### Information
******************************
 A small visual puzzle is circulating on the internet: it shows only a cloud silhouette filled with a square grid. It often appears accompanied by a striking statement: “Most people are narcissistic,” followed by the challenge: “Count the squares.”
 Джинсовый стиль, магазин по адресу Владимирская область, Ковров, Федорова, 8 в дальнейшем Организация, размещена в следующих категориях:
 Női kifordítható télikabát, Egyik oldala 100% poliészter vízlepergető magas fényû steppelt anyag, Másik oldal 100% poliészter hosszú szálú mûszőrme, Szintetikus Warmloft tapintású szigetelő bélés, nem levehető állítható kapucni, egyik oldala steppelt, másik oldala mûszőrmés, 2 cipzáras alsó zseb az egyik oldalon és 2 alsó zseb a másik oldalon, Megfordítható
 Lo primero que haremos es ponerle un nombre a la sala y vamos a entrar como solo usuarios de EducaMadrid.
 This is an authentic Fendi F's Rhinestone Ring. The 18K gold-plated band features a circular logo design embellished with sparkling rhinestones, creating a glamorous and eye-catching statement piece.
******************************
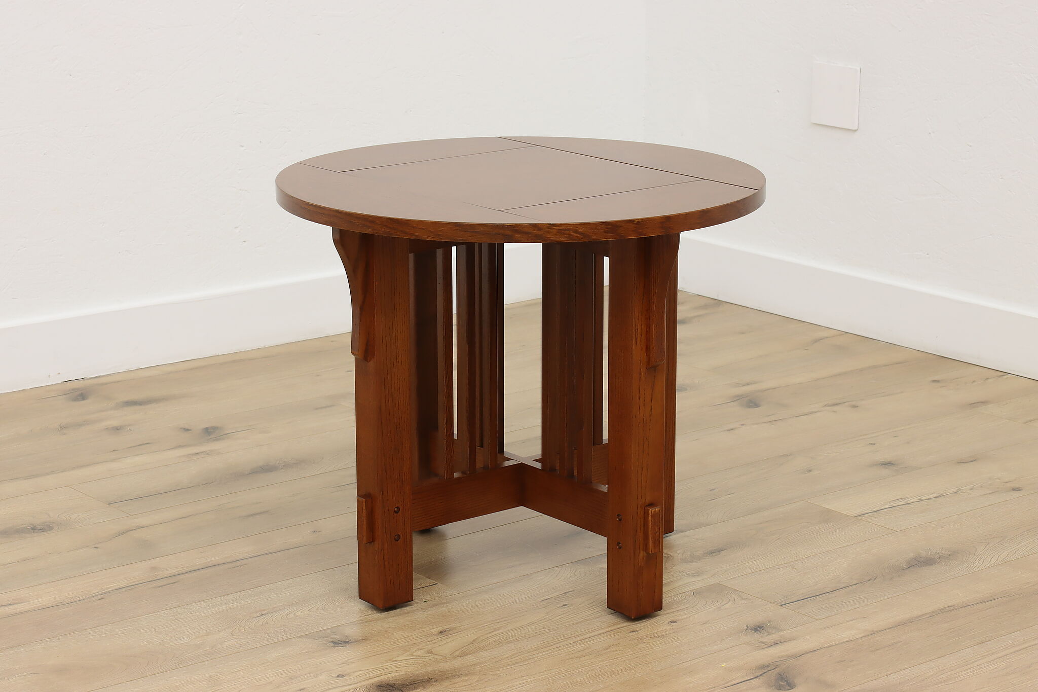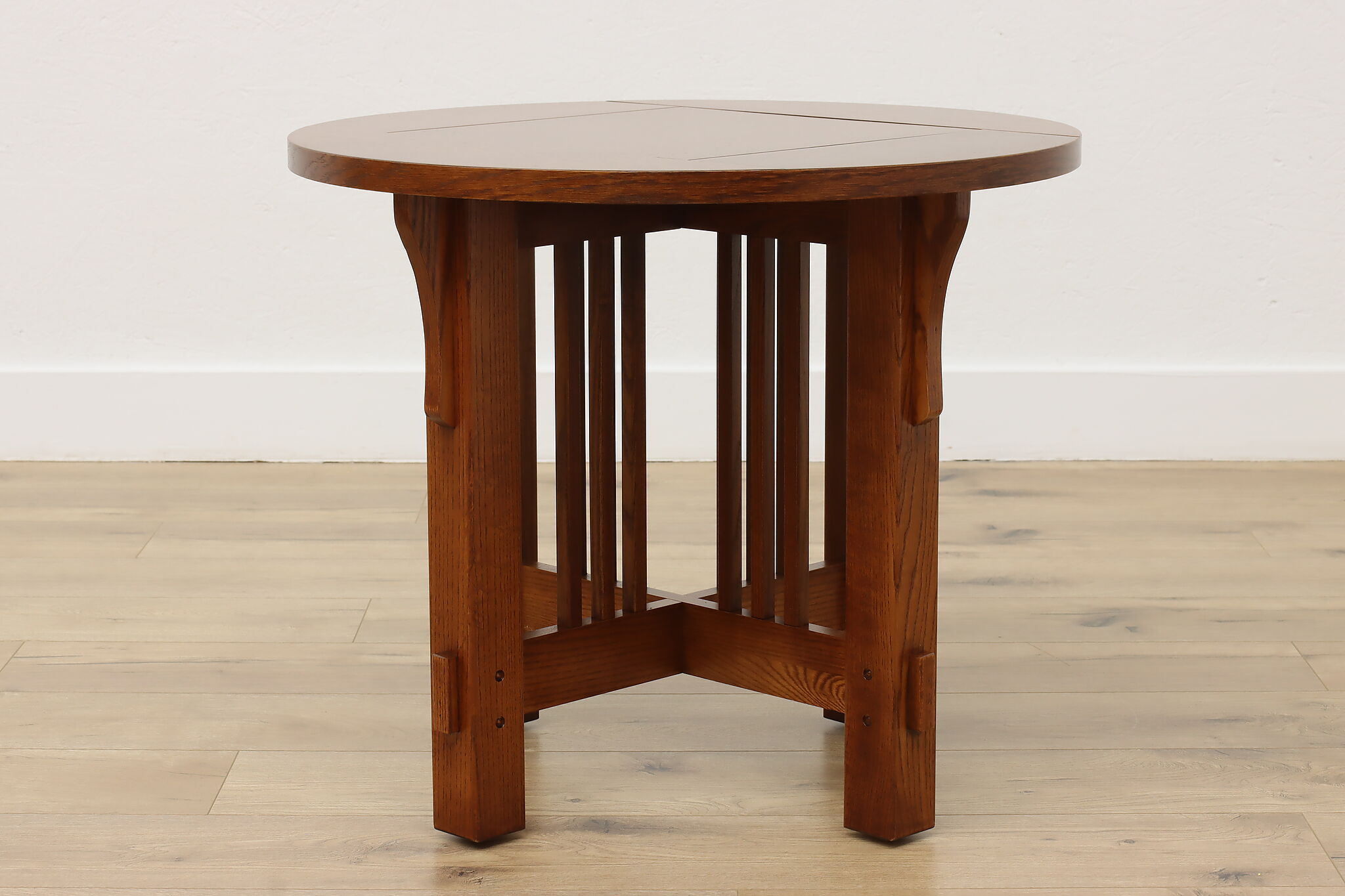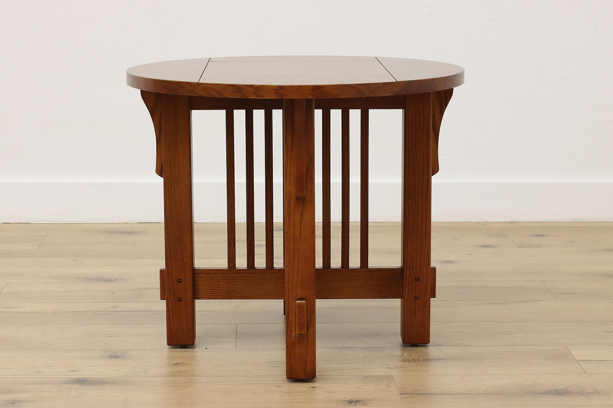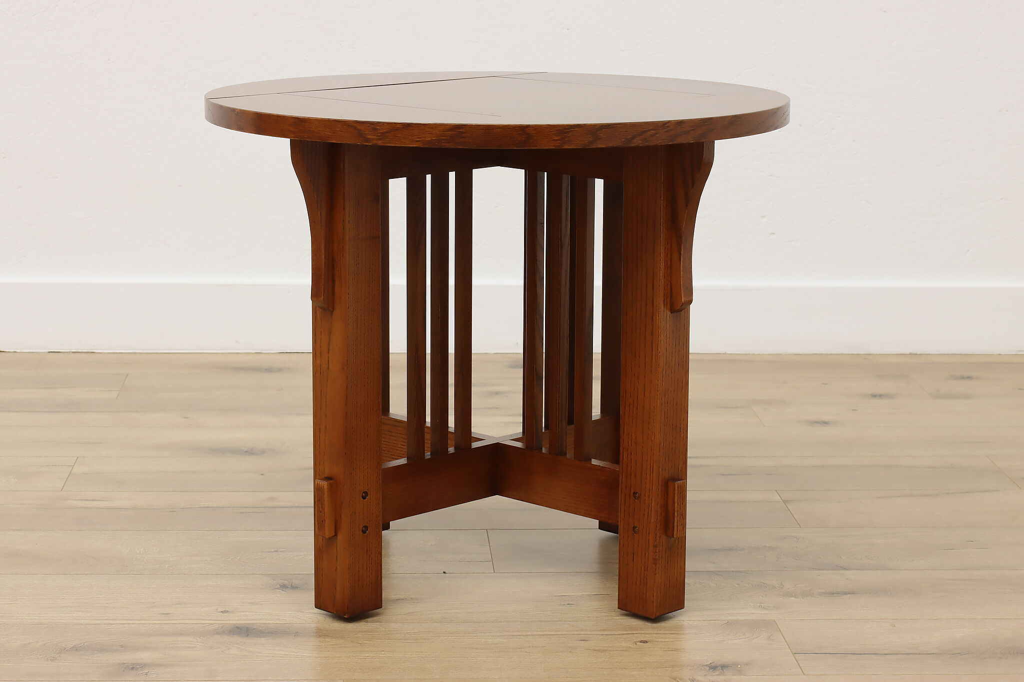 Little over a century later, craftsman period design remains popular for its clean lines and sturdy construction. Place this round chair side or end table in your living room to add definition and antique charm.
******************************
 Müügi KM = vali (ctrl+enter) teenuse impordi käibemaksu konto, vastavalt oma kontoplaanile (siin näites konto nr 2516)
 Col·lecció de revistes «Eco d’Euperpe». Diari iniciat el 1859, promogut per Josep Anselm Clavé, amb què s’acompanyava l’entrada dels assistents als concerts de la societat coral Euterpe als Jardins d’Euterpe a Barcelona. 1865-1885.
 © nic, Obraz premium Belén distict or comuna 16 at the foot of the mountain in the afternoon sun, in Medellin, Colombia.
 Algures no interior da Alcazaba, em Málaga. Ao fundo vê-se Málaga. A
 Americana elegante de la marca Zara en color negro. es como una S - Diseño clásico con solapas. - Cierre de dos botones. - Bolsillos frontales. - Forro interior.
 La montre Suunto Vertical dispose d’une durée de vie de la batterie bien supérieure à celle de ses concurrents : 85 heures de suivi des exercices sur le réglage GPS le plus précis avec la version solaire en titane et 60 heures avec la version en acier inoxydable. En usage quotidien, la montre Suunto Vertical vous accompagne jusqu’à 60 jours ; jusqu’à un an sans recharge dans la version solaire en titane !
******************************
### Problem to solve
Produce only the lines from the line containing "Müügi KM = vali" through the line containing "La montre Suunto Vertical dispose", inclusive of both, exactly as they stand in the entries above.

### Reply to the task
 Müügi KM = vali (ctrl+enter) teenuse impordi käibemaksu konto, vastavalt oma kontoplaanile (siin näites konto nr 2516)
 Col·lecció de revistes «Eco d’Euperpe». Diari iniciat el 1859, promogut per Josep Anselm Clavé, amb què s’acompanyava l’entrada dels assistents als concerts de la societat coral Euterpe als Jardins d’Euterpe a Barcelona. 1865-1885.
 © nic, Obraz premium Belén distict or comuna 16 at the foot of the mountain in the afternoon sun, in Medellin, Colombia.
 Algures no interior da Alcazaba, em Málaga. Ao fundo vê-se Málaga. A
 Americana elegante de la marca Zara en color negro. es como una S - Diseño clásico con solapas. - Cierre de dos botones. - Bolsillos frontales. - Forro interior.
 La montre Suunto Vertical dispose d’une durée de vie de la batterie bien supérieure à celle de ses concurrents : 85 heures de suivi des exercices sur le réglage GPS le plus précis avec la version solaire en titane et 60 heures avec la version en acier inoxydable. En usage quotidien, la montre Suunto Vertical vous accompagne jusqu’à 60 jours ; jusqu’à un an sans recharge dans la version solaire en titane !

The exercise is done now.